# What taste good with brown beans?



## XAlbertaWarriorWomenX (Mar 5, 2020)

I'm not to sure where to post this form, please correct where I should, I thought there was suppose to a form about the "Hobo Kitchen", please direct me there if there is a post like that. Anyways here is my post.

What do you find taste good with brown beans?


----------



## MetalBryan (Mar 5, 2020)

Brown bread!

https://www.bmbeans.com/product/brown-bread-plain


----------



## Deleted member 24782 (Mar 5, 2020)

Wet wipes


----------



## Coywolf (Mar 5, 2020)

Get some rice, hot dogs (kielbasa is better) and some cajun 'Red Beans and Rice' spice. I'm actually eating that exactly same thing as we speak.


----------



## Cussock (Mar 8, 2020)

I'm kind of a weird guy, so this may not apply to everyone, but I can stir some sriracha sauce into anything and think it tastes good. I've had it in cereal before... not good, but not as bad as one would think. 0-0


----------



## Deleted member 25988 (Mar 12, 2020)

Childgoddess said:


> I'm not to sure where to post this form, please correct where I should, I thought there was suppose to a form about the "Hobo Kitchen", please direct me there if there is a post like that. Anyways here is my post.
> 
> What do you find taste good with brown beans?

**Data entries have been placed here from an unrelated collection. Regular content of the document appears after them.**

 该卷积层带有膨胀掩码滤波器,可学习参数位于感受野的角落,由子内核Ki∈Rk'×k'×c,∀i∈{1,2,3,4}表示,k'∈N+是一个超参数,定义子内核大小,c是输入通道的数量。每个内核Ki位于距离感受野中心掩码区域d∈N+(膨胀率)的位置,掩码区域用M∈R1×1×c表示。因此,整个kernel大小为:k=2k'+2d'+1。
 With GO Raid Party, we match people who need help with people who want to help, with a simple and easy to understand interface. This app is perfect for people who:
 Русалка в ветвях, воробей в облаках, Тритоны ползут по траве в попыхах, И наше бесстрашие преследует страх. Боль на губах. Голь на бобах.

Ramen. It's like $.30 for a package.


----------



## Odin (Mar 14, 2020)

Just plain beans I always add some chopped onions and garlic... salt and pepper. 

If you do have bread... try toast it first. Then either spoon beans on toast or dip.

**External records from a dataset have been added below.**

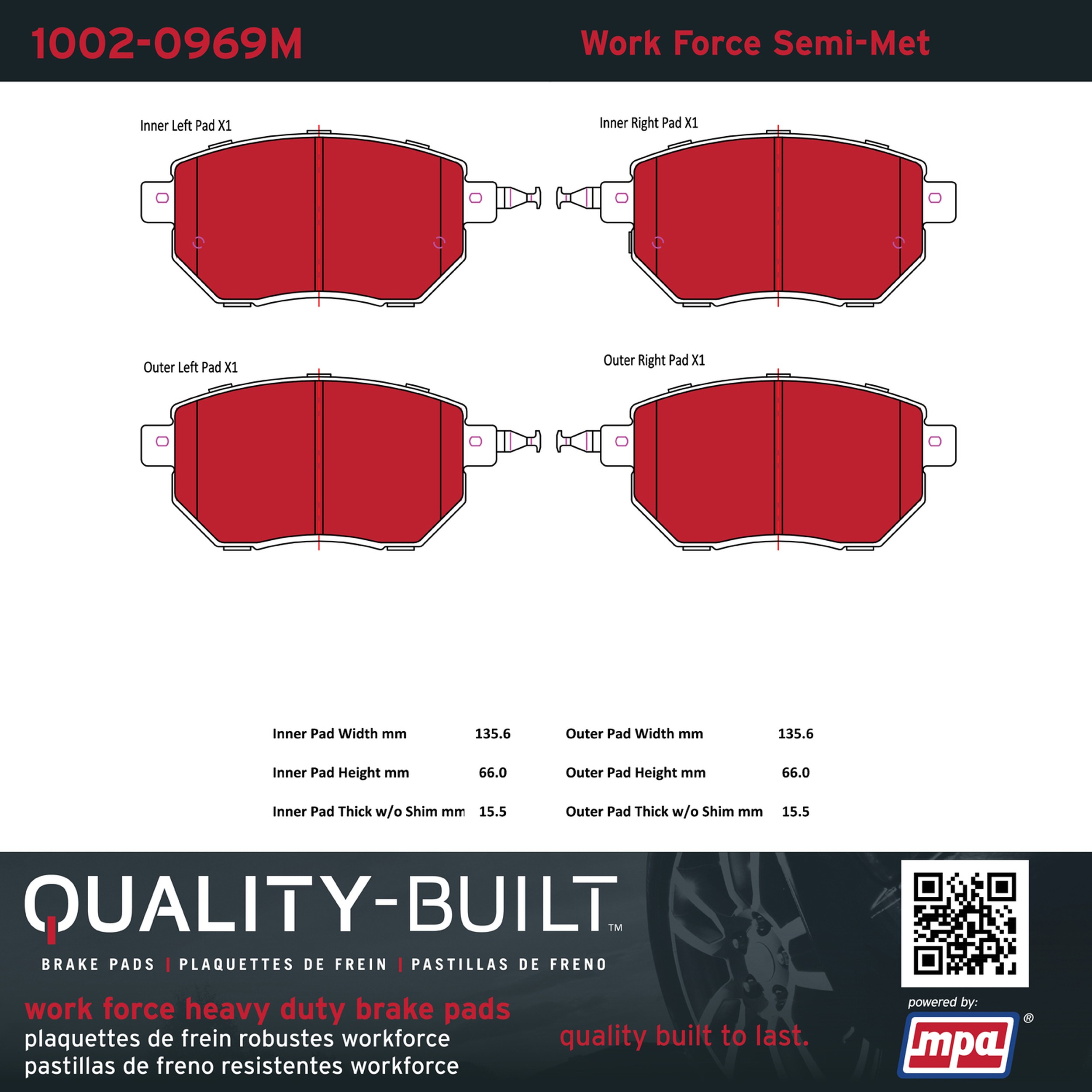 - Hardworking vehicles need hardworking brake pads, and Quality-Built Work force brake pads deliver every time. Specially formulated friction compounds are designed for high heat, heavy-duty use, where repeat stop situations, off-road driving, or towing push brake pads to the limits. Work force brake pads are an excellent choice for fleet use where extended service life and maximum durability are required.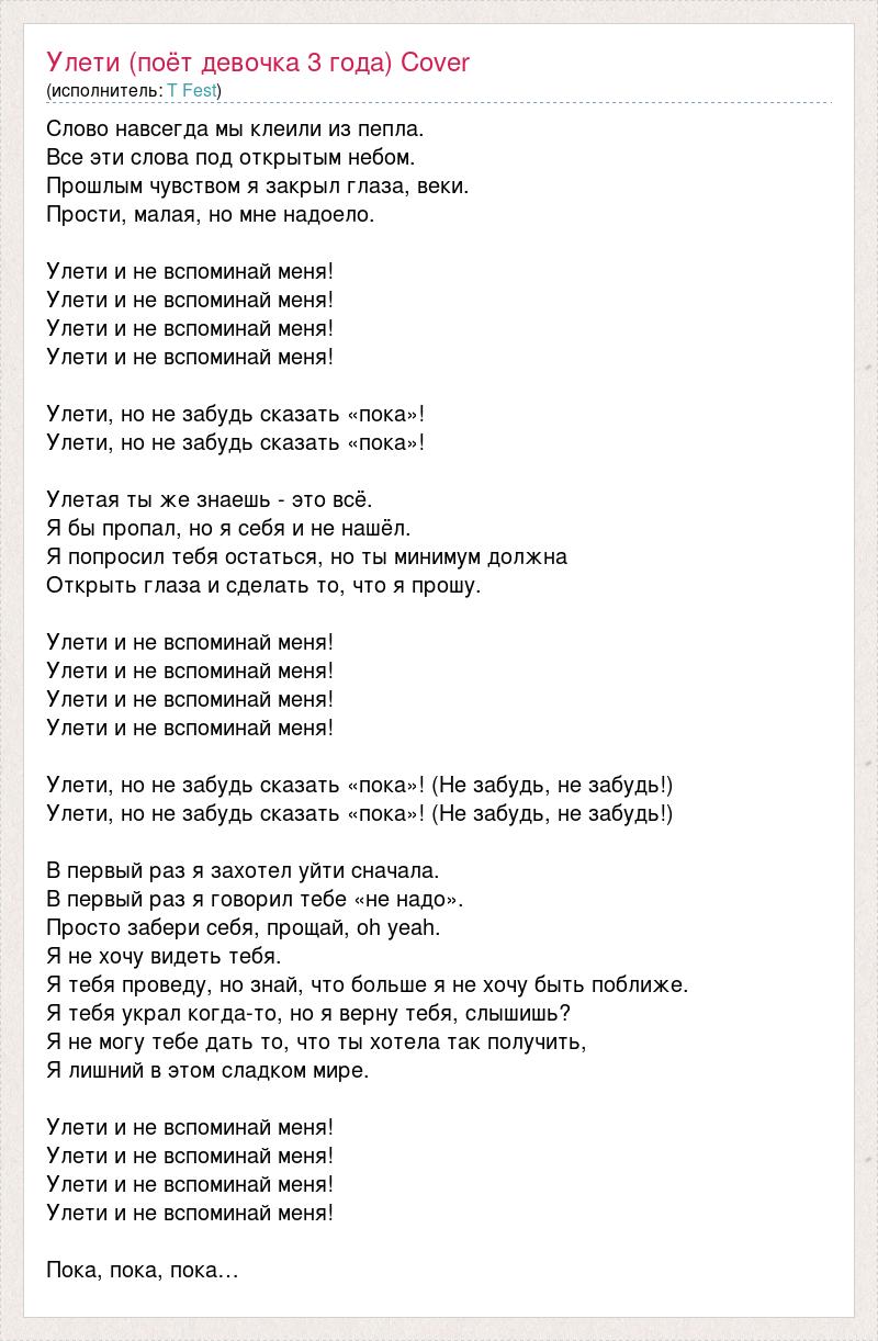 Слово навсегда мы клеили из пепла. Все эти слова под открытым небом. Прошлым чувством я закрыл глаза, веки. Прости, малая, но мне надоело. Улети и не вспоминай меня! Улети и не вспоминай меня! Улети и не вспоминай меня! Улети и не вспоминай меня! Улети, но не забудь сказать «пока»! Улети, но не забудь сказать «пока»! Улетая ты же знаешь - это всё. Я бы пропал, но я себя и не нашёл. Я попросил тебя остаться, но ты минимум должна Открыть глаза и сделать то, что я прошу. Улети и не вспоминай меня! Улети и не вспоминай меня! Улети и не вспоминай меня! Улети и не вспоминай меня! Улети, но не забудь сказать «пока»! (Не забудь, не забудь!) Улети, но не забудь сказать «пока»! (Не забудь, не забудь!) В первый раз я захотел уйти сначала. В первый раз я говорил тебе «не надо». Просто забери себя, прощай, oh yeah. Я не хочу видеть тебя. Я тебя проведу, но знай, что больше я не хочу быть поближе. Я тебя украл когда-то, но я верну тебя, слышишь? Я не могу тебе дать то, что ты хотела так получить, Я лишний в этом сладком мире. Улети и не вспоминай меня! Улети и не вспоминай меня! Улети и не вспоминай меня! Улети и не вспоминай меня! Пока, пока, пока…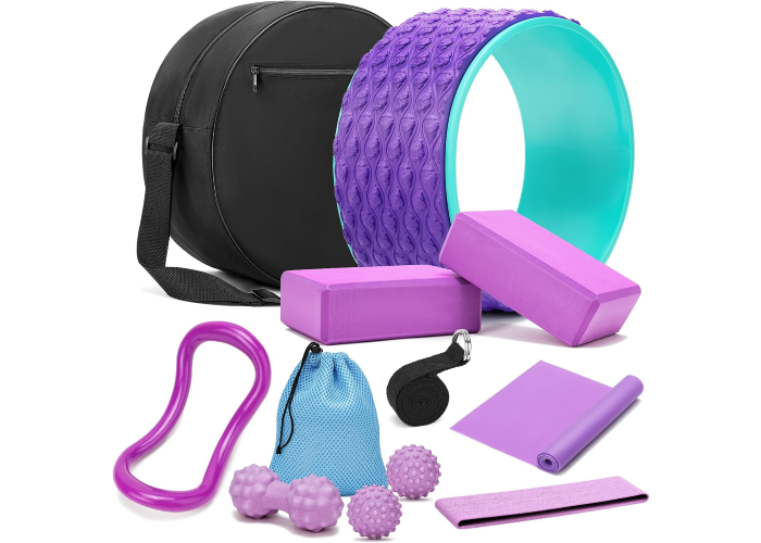 Multifunktionales Zubehör: Dieses Yoga-Rad-Set enthält 1 Yoga-Rad, 2 robuste Yoga-Blöcke, 1 Dehnungsband, 1 Yoga-Gurt, 1 Widerstandsband, 1 Erdnussball, 2 Massagebälle und 1 Yoga-Ring. Verschiedene Produktkombinationen helfen Ihnen, anspruchsvolle Yoga-Übungen zu meistern und den Körper zu entspannen. Massieren Sie tiefe Faszienschmerzpunkte mit Erdnussbällen und Massagebällen, lösen Sie verspannte Muskeln und werden Sie mit einer praktischen Netztasche und einer Yoga-Rolltasche geliefert. (YOGAMATTE NICHT INBEGRIFFEN)

A cheap meat addition. Vienna sausages in those lil cans. Basically make beanie weenies.

Use your imagination. If you dumpster produce all kinds of vegg is good to add. 

Some tomatoe, potatoe, corn and peas!

Good luck in your culinary adventure.


----------



## Odin (Mar 31, 2020)

Okay... I did this the other day... it's a bit more upgraded beans but it worked nice. 

I had a large can of pinto beans. I also had some brussel sprouts and green onions I had dumpstered/picked through and washed. Other than that I had half a roasted ham hock/ketchup glaze... from two I bought probably to many days ago... 

{ *2 for about 5 bucks at this deli... depends on the weight of the two you pick...I like the ones roasted more so the jelly skin gets real crispy and that also brings the weight down for a better deal... i mean prolly by like a penny still beats any mcdonkys or warios burger deals....}

but it was like just slightly crusty jerky-fied meat... 

So I chopped and diced that meat fine. Then I chopped and diced the brussel sprouts and green onions fine... then I added a couple cloves of garlic.... I almost always have that somewhere... backpack or pocket... lawl... then my go to of paprick and pepper that I had some of still in a little shaker... some salt packets from wendys and a dab of ketchup packet. 

Oh and I had half a carrot from somewhere... diced that real fine so the bits almost disappeared... more like added the sweetness to the bean bowl. So you add this to a nice little POT.... and heat slowly for as long as you like as long as you don't burn the bottom of the pot... stir it once in a while for Annunaki's sake...! lol... 

well only thing I did not have is hot sauce... I know... that's unforgivable... I need to take care of that soon... but it was not bad... two bowls and I still had half the pot left... throw in a crusty rock hard roll of dumpster bread to soak up juice and you have you high class hobo cuisine... 

I GAURANTEEE!!::woot::


----------



## Deleted member 28239 (Mar 31, 2020)

Instant rice + Tony Chacheres/Slap Ya Mama if you can get any. Garlic salt + chilli powder works too. Simmer for a bit in broth or seasoned water for soup-ish, or put it on a plain tortilla, or put it in a tortilla and grill a little.


----------



## VoidSpace (Mar 31, 2020)

Cheese, rice, and dehydrated lentils make for a tasty and filling meal when mixed w beans


----------



## Kevin Stephens (Apr 2, 2020)

Mustard, I know it sounds gross, but try it.


----------



## Deleted member 27861 (Apr 10, 2020)

Brown rice with Cajun spice and cheese


----------



## MFB (Apr 10, 2020)

Beyond Beef Sausage, the holy trinity of onions, peppers, and celery. Garlic of course.
Etouffe' over toast.
Voila'. Bon appetit.


----------



## Stoopkidd24 (Nov 18, 2020)

Syrup and/or bacon. Of course they’re good by themselves too! All u chief


----------